For our first prototype of the Voice Cursor, I wanted to test the simplest version of the idea I presented: detecting pauses in speech. Since the full Zoom integration is too complex for a first attempt, I built a lightweight demo where the microphone input is monitored for silence, and soft pauses such as “uhh”, “er”, “erm”, and “umm”. When the system detects a pause longer than one half a second or a preset soft pause, it will show that a pause was detected.
I decided to style this prototype in the spirit of Manfred Mohr’s algorithmic works, where structures unfold step by step according to simple rules. Instead of geometric lines, I used text. The unfolding comes from how the system gradually surfaces possible next words(which is to be implemented). It’s algorithmic, reactive, and never exactly the same twice.
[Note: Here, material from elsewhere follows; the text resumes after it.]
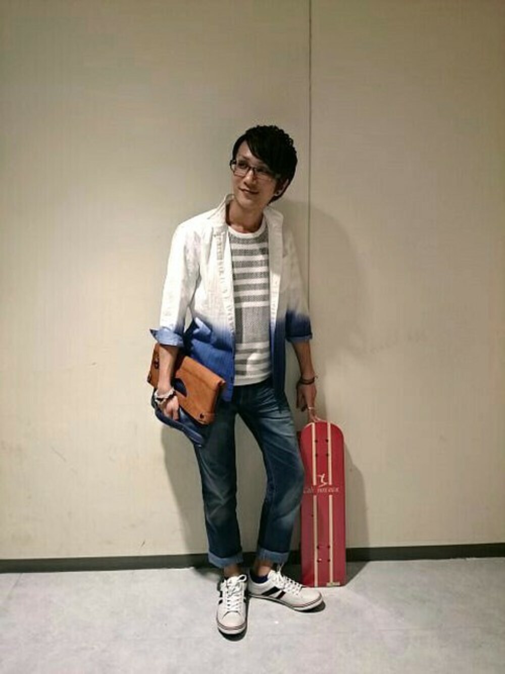 海岸デートにバッチリ合うコーディネートです! グラデーションシャツにサマーニットの合わせは好印象で、女性ウケも意識した爽やかスタイリングです!! NICOLE CLUB FOR MEN横浜ビブレ
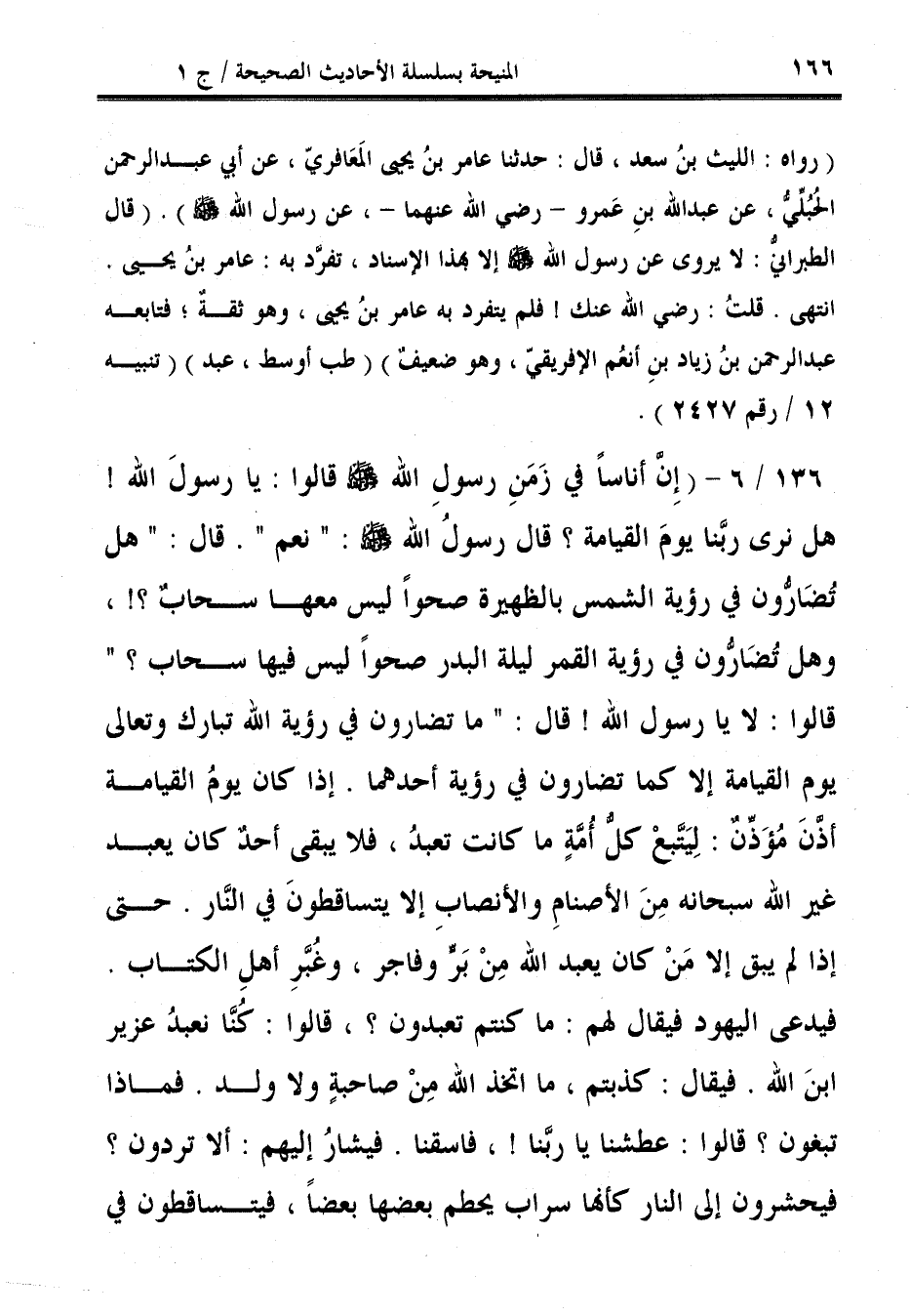 136/ 6 - (إِنَّ أناسًا في زَمَنِ رسولِ الله - صلى الله عليه وسلم - قالوا: يا رسولَ الله! هل نرى ربَّنا يومَ القيامة؟ قال رسولُ الله - صلى الله عليه وسلم -: "نعم". قال: "هل تُضَارُّون في رؤية الشمس بالظهيرة صحوًا ليس معها سحابٌ؟!، وهل تُضَارُّون في رؤية القمر ليلة البدر صحوًا ليس فيها سحاب؟ " قالوا: لا يا رسول الله! قال: "ما تضارون في رؤية الله تبارك وتعالى يوم القيامة إلا كما تضارون في رؤية أحدهما. إذا كان يومُ القيامة أذَّنَ مُؤَذِّنٌ: لِيَتَّبعْ كلُّ أُمَّةٍ ما كانت تعبدُ، فلا يبقى أحدٌ كان يعبد غير الله سبحانه مِنَ الأصنامِ والأنصابِ إلا يتساقطونَ في النَّار. حتّى إذا لم يبق إلا مَنْ كان يعبد الله مِنْ بَرٍّ وفاجر، وغُبَّرِ أهلِ الكتاب.

This prototype doesn’t aim to be perfect or even particularly “useful” yet. The point is to see what it feels like when the computer actively listens for hesitation and responds. It’s a playful sketch of the bigger idea: a real-time linguistic co-pilot.
Idea sketch
For my second prototype, the exercise in class really helped me stretch the original concept (the CV-based transliteration and speech helper a.k.a. “Voice Cursor”) and eventually flip the whole direction toward what my teammate and I are now pursuing — the NFC networking assistant.